RECORDED DATA
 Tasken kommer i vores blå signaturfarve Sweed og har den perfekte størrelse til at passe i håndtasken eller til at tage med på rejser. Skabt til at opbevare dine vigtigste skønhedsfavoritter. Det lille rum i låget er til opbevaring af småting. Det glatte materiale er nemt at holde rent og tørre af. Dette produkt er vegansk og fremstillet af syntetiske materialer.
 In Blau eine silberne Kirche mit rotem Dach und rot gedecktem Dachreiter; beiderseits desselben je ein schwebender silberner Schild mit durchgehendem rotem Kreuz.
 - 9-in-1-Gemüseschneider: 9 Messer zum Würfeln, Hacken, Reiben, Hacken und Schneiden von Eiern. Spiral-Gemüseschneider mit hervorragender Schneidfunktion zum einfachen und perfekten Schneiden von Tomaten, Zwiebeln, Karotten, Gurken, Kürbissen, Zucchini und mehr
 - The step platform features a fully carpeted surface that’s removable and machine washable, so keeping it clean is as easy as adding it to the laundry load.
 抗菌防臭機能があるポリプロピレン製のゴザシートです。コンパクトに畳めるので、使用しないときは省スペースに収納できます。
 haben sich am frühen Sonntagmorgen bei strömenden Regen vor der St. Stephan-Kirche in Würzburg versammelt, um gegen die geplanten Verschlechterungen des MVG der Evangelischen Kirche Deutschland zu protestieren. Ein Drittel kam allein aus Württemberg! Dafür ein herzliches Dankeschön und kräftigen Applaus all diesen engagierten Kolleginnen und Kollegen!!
==
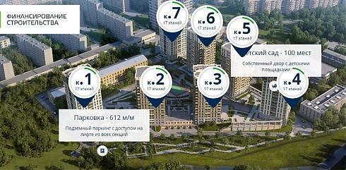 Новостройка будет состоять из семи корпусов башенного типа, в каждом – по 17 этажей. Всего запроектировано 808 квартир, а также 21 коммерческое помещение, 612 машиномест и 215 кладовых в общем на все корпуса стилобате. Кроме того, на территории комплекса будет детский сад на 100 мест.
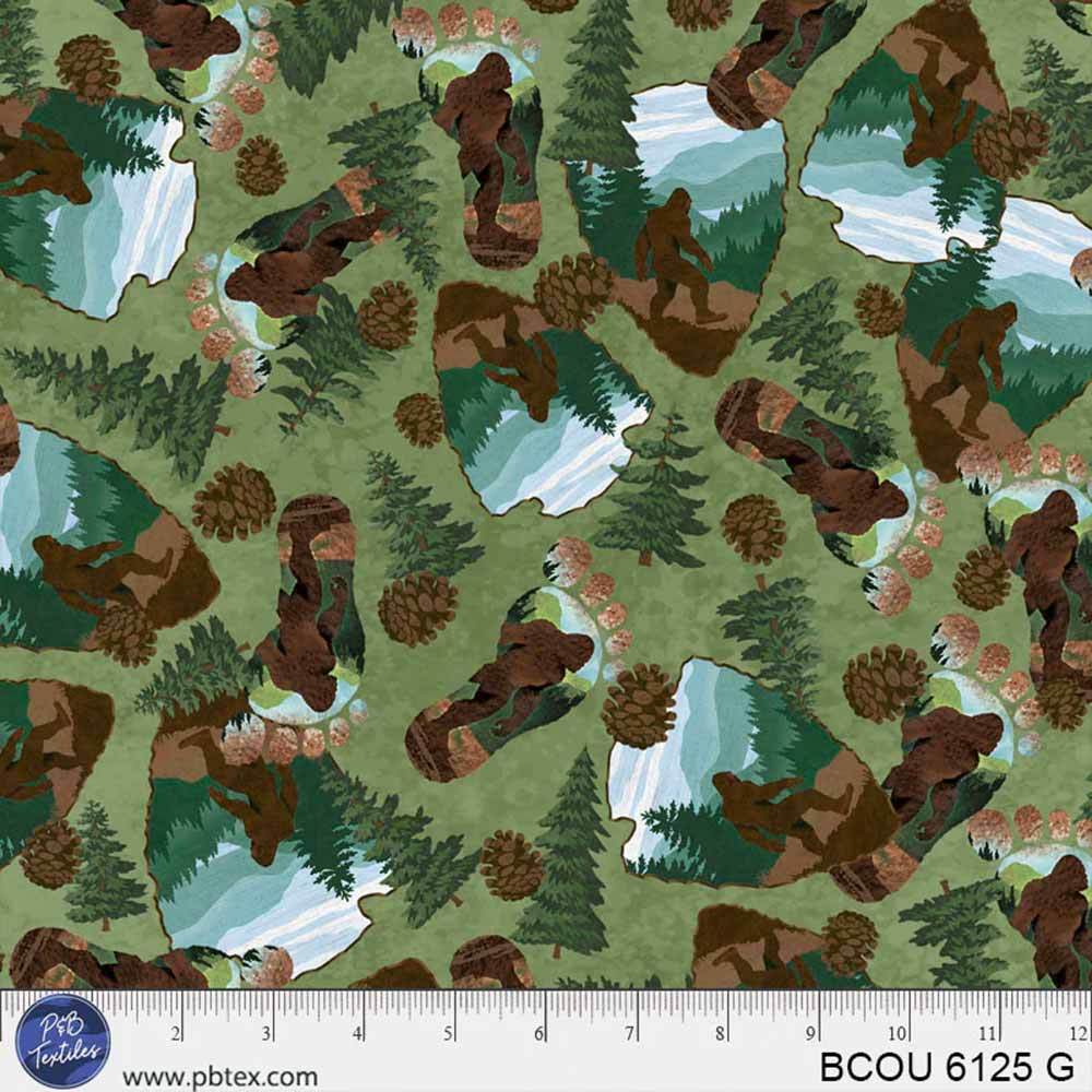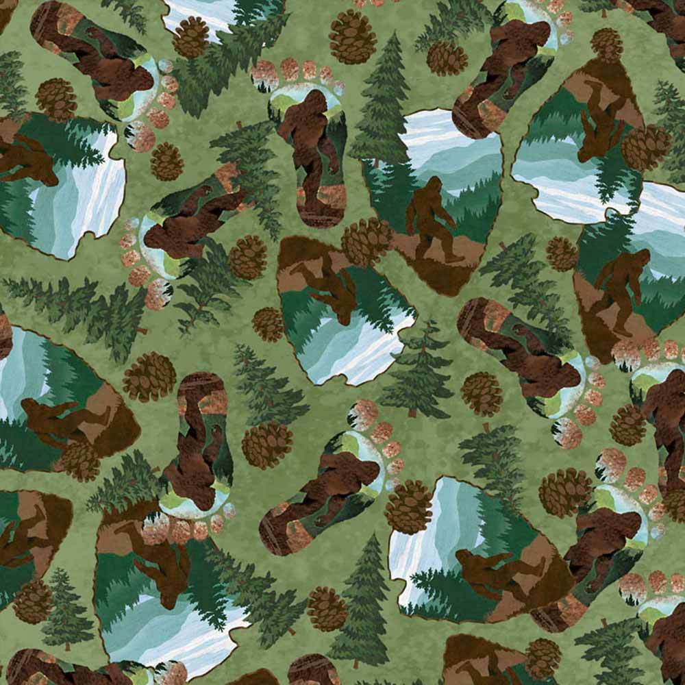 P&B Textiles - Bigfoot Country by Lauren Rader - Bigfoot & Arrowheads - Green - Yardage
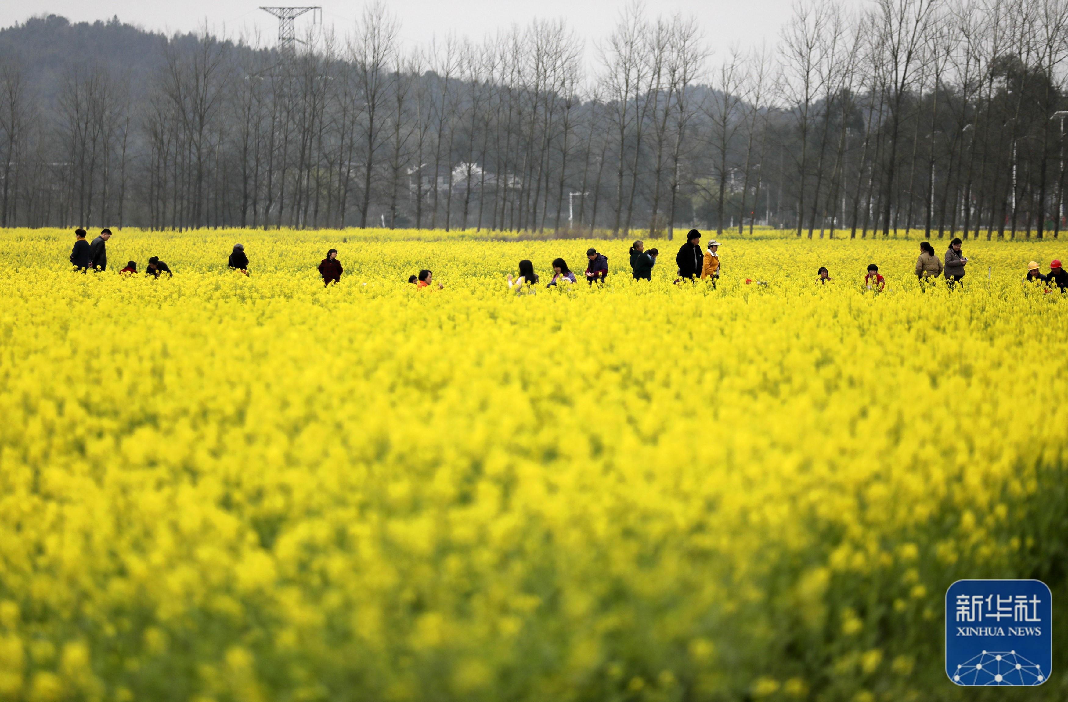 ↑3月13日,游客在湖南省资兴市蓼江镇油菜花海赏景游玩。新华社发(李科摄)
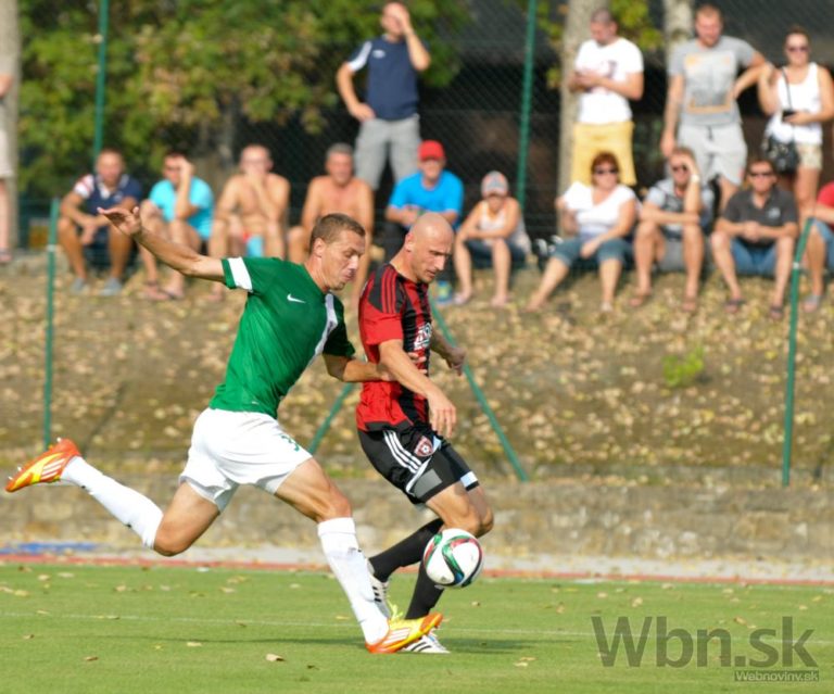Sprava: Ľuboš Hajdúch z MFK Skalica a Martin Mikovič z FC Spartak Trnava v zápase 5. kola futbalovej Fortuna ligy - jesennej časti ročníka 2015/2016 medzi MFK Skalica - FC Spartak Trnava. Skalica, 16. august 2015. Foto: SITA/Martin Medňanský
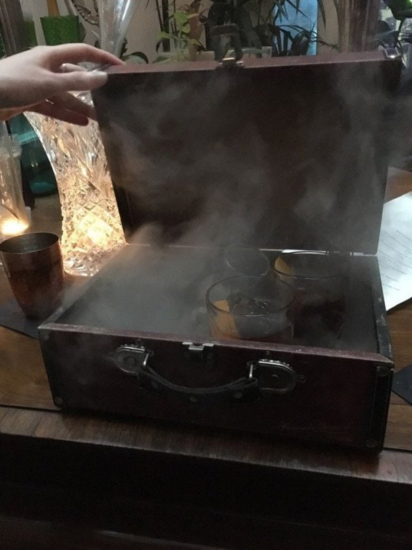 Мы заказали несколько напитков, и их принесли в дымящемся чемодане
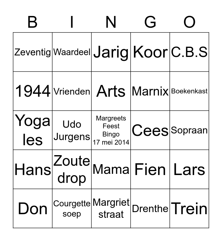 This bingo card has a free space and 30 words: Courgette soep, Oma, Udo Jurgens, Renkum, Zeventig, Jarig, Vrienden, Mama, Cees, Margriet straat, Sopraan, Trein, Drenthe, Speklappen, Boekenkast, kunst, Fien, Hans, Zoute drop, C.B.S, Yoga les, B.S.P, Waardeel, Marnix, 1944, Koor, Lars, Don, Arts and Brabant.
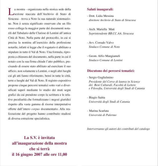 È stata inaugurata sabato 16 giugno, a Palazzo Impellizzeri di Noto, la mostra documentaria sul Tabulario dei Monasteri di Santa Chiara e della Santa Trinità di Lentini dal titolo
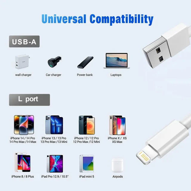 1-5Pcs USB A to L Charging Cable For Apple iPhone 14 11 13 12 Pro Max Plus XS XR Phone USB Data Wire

REQUIRED WORK
From the entries above, copy exactly the lines starting at the one with "Новостройка будет состоять" and stopping at the one with "Мы заказали несколько", keeping both ends. Drop the pictures.

TASK SOLUTION
 Новостройка будет состоять из семи корпусов башенного типа, в каждом – по 17 этажей. Всего запроектировано 808 квартир, а также 21 коммерческое помещение, 612 машиномест и 215 кладовых в общем на все корпуса стилобате. Кроме того, на территории комплекса будет детский сад на 100 мест.
 P&B Textiles - Bigfoot Country by Lauren Rader - Bigfoot & Arrowheads - Green - Yardage
 ↑3月13日,游客在湖南省资兴市蓼江镇油菜花海赏景游玩。新华社发(李科摄)
Sprava: Ľuboš Hajdúch z MFK Skalica a Martin Mikovič z FC Spartak Trnava v zápase 5. kola futbalovej Fortuna ligy - jesennej časti ročníka 2015/2016 medzi MFK Skalica - FC Spartak Trnava. Skalica, 16. august 2015. Foto: SITA/Martin Medňanský
 Мы заказали несколько напитков, и их принесли в дымящемся чемодане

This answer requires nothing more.